Ein Meer aus gelben Westen und Fahnen füllte die Straße vor der BVG-Zentrale. Trotz Minusgraden war der Andrang so groß, dass noch vor der ersten Rede die gegenüberliegende Fahrspur blockiert wurde, um den Streikenden vor der Bühne genügend Platz einzuräumen. »Wer ist die Gewerkschaft?«, lautete die Frage aus den Lautsprecherboxen. »Wir sind die Gewerkschaft«, riefen die versammelten BVGler zurück. Wer Berlin ist und wer die BVG, das stellten die Streikenden ebenso klar. Neben Wut lagen Kampfeslust und solidarische Atmosphäre in der Luft. Nur fehlte die Chefetage, der die Belegschaft feierlich ihr »Streikversprechen« überreichen wollte.
»Wir sind deutlich mehr Leute als letztes Jahr«, sagte Verhandlungsführer Jeremy Arndt der jW. Seine Rede handelte die Eckpunkte des Tarifkonflikts ab: die Forderung von 750 Euro mehr Lohn pro Monat für alle und höhere Schichtzulagen statt des vom KAV angebotenen Reallohnverlusts, Notwendigkeit des Personalaufbaus für die Zukunft des Berliner Nahverkehrs und nicht zuletzt die Ankündigung des Ultimatums: Wenn in 40 Tagen, »das sind zwei Verhandlungsrunden«, kein vernünftiges Angebot vorgelegt würde, werde die Gewerkschaft in einer Urabstimmung über den Erzwingungsstreik entscheiden. Die Belegschaft werde sich nicht vom KAV durch das »Auseinanderdividieren der Entgeltgruppen« spalten lassen, versprach ein anderes Mitglied der Tarifkommission. Mehr als 90 Prozent der Beschäftigten hätten gegen das Angebot gestimmt, sich damit hinter die Tarifkommission gestellt und Streikbereitschaft signalisiert.
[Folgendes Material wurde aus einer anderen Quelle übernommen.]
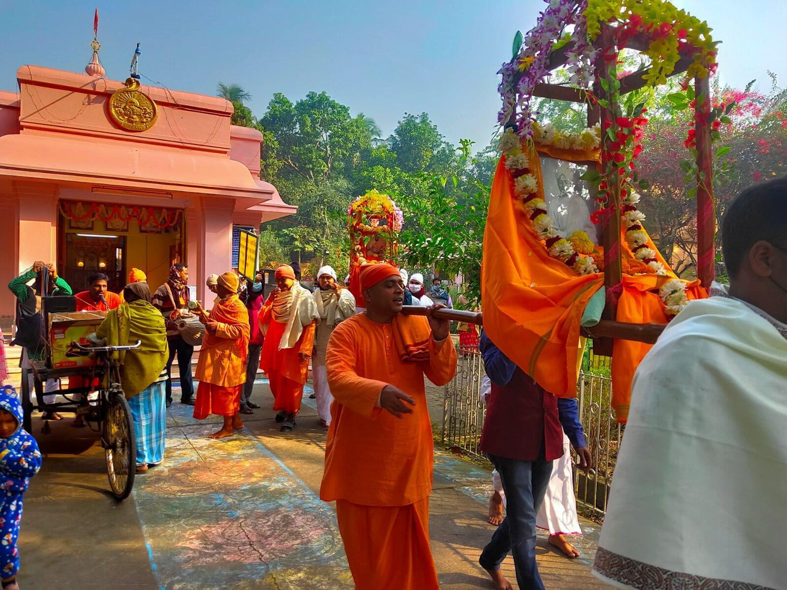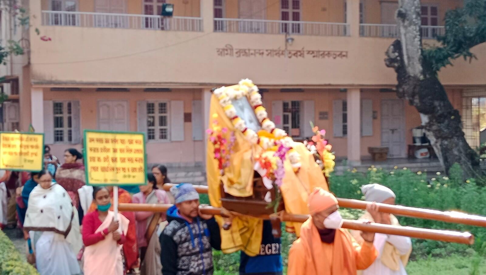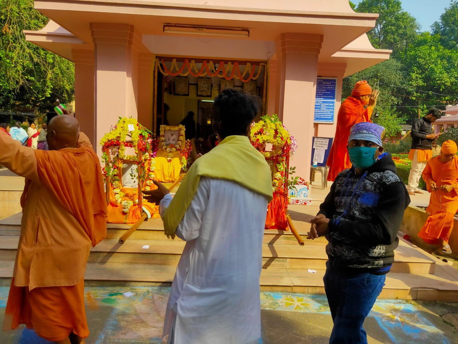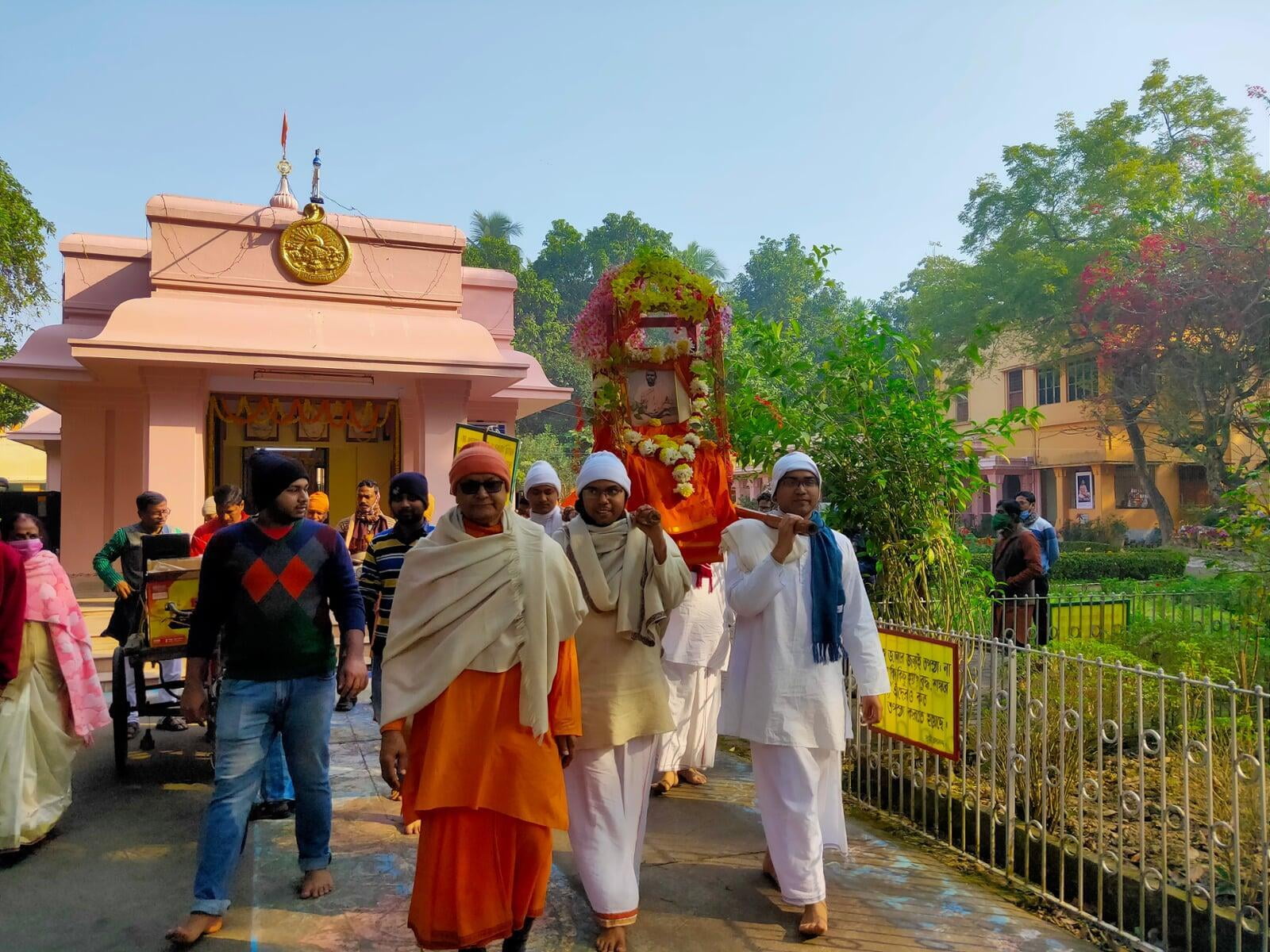 The auspicious 160th birthday celebration of Swami Brahmannadaji maharaj observed in Ramakrishna Math and Ramakrishna Mission Sikra Kulingram with due solemnity on Wednesday, 2 Feb. 2022. Programme satarted with the Mangal Arati of Shri Thakur followed by Vedic Chanting and Stotras, Divyajiban Kathan of Raja Maharaj, Temple Pradakshina and Samkirtana, Special puja of Shri Thakur and Shri Raja Maharaj were performed in the Shrine. Limited devotees took prasad. The whole day program ended with Sandhya Aratirikam and Ramnama Samkirtana.

Einen Höhepunkt der Demonstration markierte die Übergabe der Forderungen an die Berliner Verkehrssenatorin Ute Bonde (CDU). Als ehemalige Finanzgeschäftsführerin der BVG wurde sie unmissverständlich aufgefordert zu unterschreiben. Wenig überraschend lehnte sie ab. Erst Ende Januar hatte sie gegenüber dem RBB gesagt, der Verkehrsvertrag zwischen Senat und BVG gebe die Umsetzung der Forderungen Verdis nicht her. »Einmal BVGerin, immer BVGerin«, lamentierte sie nun auf dem Lautsprecherwagen. Unterschreiben könne sie trotzdem nicht, weil sie jetzt »eine neue Funktion« habe. Es half nichts; sie wurde ausgepfiffen. »Unterschreiben! Unterschreiben!«, skandierten die Streikenden. Bonde mahnte zur Kompromissbereitschaft.
Die BVG-Pressestelle bezeichnete die Demonstration am Montag als »frühe Eskalation«. Eine Begründung dieses Vorwurfs und eine Erklärung dessen, was unter einem »gewissen Nachholbedarf« bei den Löhnen zu verstehen ist, blieb die Pressestelle der jW bis Redaktionsschluss schuldig.
Solidarisch zeigten sich hingegen auch andere Beschäftigte des öffentlichen Diensts. Carlos fand als Gastredner der Berliner Stadtreinigung klare Worte: »Dieses Land braucht uns. Die Bevölkerung weiß das. Und wir müssen es vielleicht der Politik und der Gegenseite noch mal ein bisschen in die Stirn hämmern.« Jana, eine Beschäftigte der S-Bahn, die eine Fahne der Eisenbahn- und Verkehrsgewerkschaft (EVG) schwenkte, wies gegenüber jW darauf hin, dass im Verkehrssektor auch gekürzt werde, weil der Staat Unsummen für Militarisierung verschleudere. Auch der EVG wurde deshalb ein schlechtes Angebot gemacht. Im März ende deren Friedenspflicht. Auch dort bahne sich ein harter Arbeitskampf an.